For reference the pinhole camera model relates image coordinated m=(u,v) to world coordinated M=(X,Y,Z) with :
where "~" means "proportional to" and K is the matrix of intrinsic parameters of the camera. You need to do camera calibration to find the K parameters. Here I assumed au=av=a and as=0.
You can recover the Z parameter from any of those equations (or take the average for both). Note that the Z parameter is not the distance from the object (which varies on the different points of the object) but the depth of the object (the distance between the camera plane and the object plane). but I guess that is what you want anyway.
[1] Linear N-Point Camera Pose Determination, Long Quan and Zhongdan Lan
[2] A Complete Linear 4-Point Algorithm for Camera Pose Determination, Lihong Zhi and Jianliang Tang
[3] http://gandalf-library.sourceforge.net/
如果您知道现实世界物体的大小和相机的视角,那么假设您知道水平视角 alpha(*),图像的水平分辨率为 xres,则到物体的距离 dw图像的中间部分在图像中为 xp 像素宽,在现实世界中为 xw 米宽,可以按如下方式推导(您的 三角?):
(*) alpha = 相机轴与穿过刚刚可见的图像中间行最左边点的线之间的角度。
链接到您的变量:
dw = D,xw = AW,xp = PW
If you know the size of the real-world object and the angle of view of the camera then assuming you know the horizontal angle of view alpha(*), the horizontal resolution of the image is xres, then the distance dw to an object in the middle of the image that is xp pixels wide in the image, and xw meters wide in the real world can be derived as follows (how is your trigonometry?):
(*) alpha = The angle between the camera axis and a line going through the leftmost point on the middle row of the image that is just visible.
Link to your variables:
dw = D, xw = AW, xp = PW
这可能不是一个完整的答案,但可能会推动您走向正确的方向。你知道美国宇航局是如何处理那些来自太空的照片的吗?他们在图像上到处都有那些微小的十字。据我所知,这就是他们如何正确了解物体的深度和大小的方法。解决方案可能是拥有一个您知道图片中正确尺寸和深度的物体,然后计算其他物体相对于该物体的尺寸和深度。是时候让你做一些研究了。
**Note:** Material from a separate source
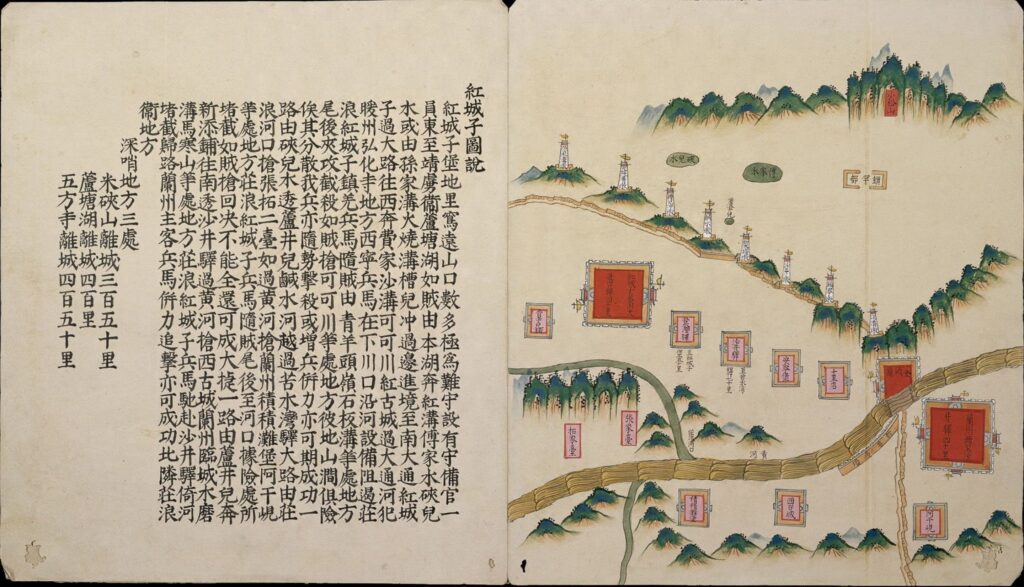 This map depicts the military defenses of the Gansu Garrison Command area during the Ming Dynasty from east to west.

如果美国宇航局就是这么做的,那么它应该值得一看。
我不得不说这是我长期以来在 stackoverflow 上看到的最有趣的问题之一:D。我刚刚注意到这个问题只附加了两个标签。添加更多与图像相关的内容可能会更好地帮助您。
This may not be a complete answer but may push you in the right direction. Ever seen how NASA does it on those pictures from space? The way they have those tiny crosses all over the images. Thats how they get a fair idea about the deapth and size of the object as far as I know. The solution might be to have an object that you know the correct size and deapth of in the picture and then calculate the others' relative to that. Time for you to do some research. If thats the way NASA does it then it should be worth checking out.
I have got to say This is one of the most interesting questions i have seen for a long time on stackoverflow :D. I just noticed you have only two tags attached to this question. Adding something more in relation to images might help you better.